Non-hedging Derivative Instruments:

 

In order to accommodate customer borrowing needs, the Company enters into interest rate swap agreements with customers. At the same time, in order to offset the exposure and manage interest rate risk, the Company enters into an interest rate swap with a different counterparty with offsetting terms. These derivative instruments are not designated as accounting hedges and changes in fair value of these instruments, as well as any net cash settlements and upfront customer fees, are recognized in noninterest income as other derivative income or expense. As of December 31, 2011 and 2010, the Company had notional amounts of $413.1 million and $232.3 million, respectively, of interest rate swaps with customers where the Company has agreed to receive a fixed interest rate and pay a variable interest rate. In addition, as of December 31, 2011 and 2010, the Company has offsetting interest rate swaps with other counterparties with a notional amount of $413.1 million and $232.3 million, respectively, in which the Company has agreed to receive a variable interest rate and pay a fixed interest rate.

The Company enters into interest rate swaps as a part of Cole Taylor Mortgage's servicing business in order to minimize most of the price volatility of the mortgage services rights asset. At December 31, 2011, the Company had a notional amount of $22.5 million of interest rate swaps. These non-hedging derivatives are recorded at their fair value on the Consolidated Balance Sheets in other assets with changes in fair value recorded in noninterest income.

The Company also enters into interest rate lock and forward loan sale commitments as a part of Cole Taylor Mortgage's origination business. At December 31, 2011, the Company had notional amounts of $370.0 million of interest rate lock commitments and $352.6 million of forward loan sale commitments. These non-hedging derivatives are recorded at their fair value on the Consolidated Balance Sheets in other assets with changes in fair value recorded in noninterest income.
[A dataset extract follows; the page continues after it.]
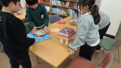 アニマシオンの手法の一つを使った活動です。読んだ内容と関連付けて工作で表すので、記憶にも残りやすいですね。

The Company enters into covered call option transactions from time to time that are designed primarily to increase the total return associated with the investment securities portfolio. There were no covered call options outstanding as of December 31, 2011 or December 31, 2010. In 2011, $178,000 of premium related to covered call options was recognized in noninterest income. No covered call options were entered into in 2010 and, therefore, there was no impact on the Company's Statement of Operations.

 

Terminated Derivative Instruments:

 

In January 2009, the Company terminated a $100.0 million notional amount interest rate swap that was not designated as an accounting hedge. The Company discontinued hedge accounting in December 2008 when it determined that this hedge would no longer be effective. The unrealized gain of $6.4 million upon de-designation, which had accumulated in OCI (net of tax), is being amortized to loan interest income over what would have been the life of the hedge. From the date of de-designation to December 31, 2008, the change in fair value, along with net settlements attributed to this period, was recorded in other derivative income in noninterest income and totaled $394,000. This derivative was terminated in January 2009 and the Company received a cash payment $6.6 million, which represented the fair value of the swap at the date of termination. At December 31, 2011 the net settlement had been completely amortized and there is no longer any amount remaining in accumulated OCI. This compares to December 31, 2010 when the Company had $761,000 in accumulated OCI related to previously terminated cash flow hedges. The amount in accumulated OCI represented the net unamortized portion of the deferred gain that had accumulated in OCI when the hedging relationship was terminated. During 2011 and 2010, $1.2 million and $3.2 million of deferred gains from previously terminated cash flow hedges were amortized as a net increase to loan interest income.

Hedges with the notional amount of $145.0 million were terminated in 2011, with net termination fees of $896,000 recognized in noninterest income for the year ended December 31, 2011. These hedges were terminated because the transaction which they hedged was no longer forecast to occur.